* What the exercise asks *
Go through the material line by line and copy each one with the word "para".

* Data excerpts *
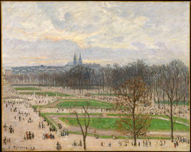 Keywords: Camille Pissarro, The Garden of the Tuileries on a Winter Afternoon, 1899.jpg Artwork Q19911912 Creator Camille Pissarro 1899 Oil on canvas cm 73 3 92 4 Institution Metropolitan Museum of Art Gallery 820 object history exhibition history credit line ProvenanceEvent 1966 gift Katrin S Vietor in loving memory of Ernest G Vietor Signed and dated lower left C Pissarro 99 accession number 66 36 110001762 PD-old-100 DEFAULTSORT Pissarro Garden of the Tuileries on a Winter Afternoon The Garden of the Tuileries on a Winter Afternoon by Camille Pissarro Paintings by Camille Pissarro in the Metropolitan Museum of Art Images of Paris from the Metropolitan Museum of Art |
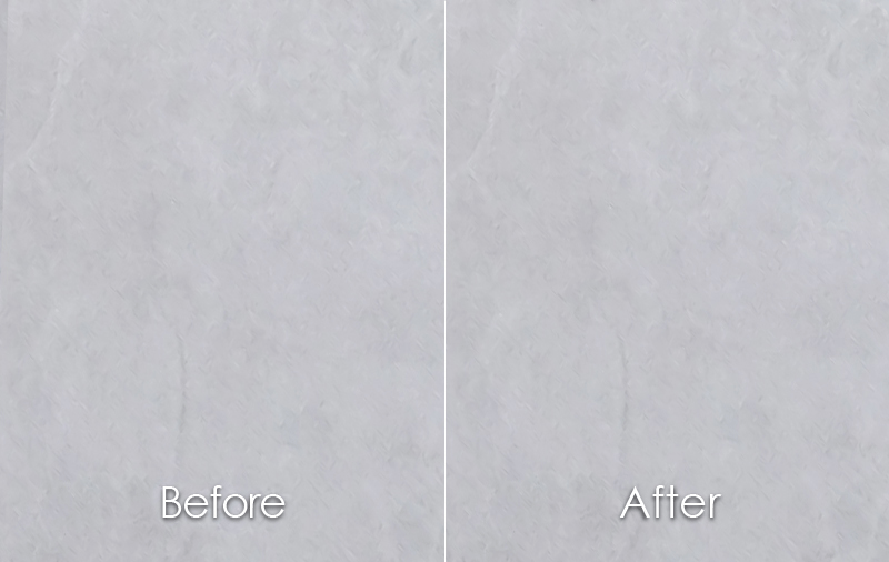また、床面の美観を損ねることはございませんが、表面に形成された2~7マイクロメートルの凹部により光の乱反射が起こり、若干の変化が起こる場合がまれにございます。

---

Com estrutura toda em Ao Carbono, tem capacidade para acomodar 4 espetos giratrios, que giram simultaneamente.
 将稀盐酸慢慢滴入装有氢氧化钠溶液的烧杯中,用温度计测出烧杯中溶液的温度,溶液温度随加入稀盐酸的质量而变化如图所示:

--

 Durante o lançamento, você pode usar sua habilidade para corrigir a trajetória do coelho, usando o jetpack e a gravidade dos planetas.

* Solution to the exercise *
Com estrutura toda em Ao Carbono, tem capacidade para acomodar 4 espetos giratrios, que giram simultaneamente.
 Durante o lançamento, você pode usar sua habilidade para corrigir a trajetória do coelho, usando o jetpack e a gravidade dos planetas.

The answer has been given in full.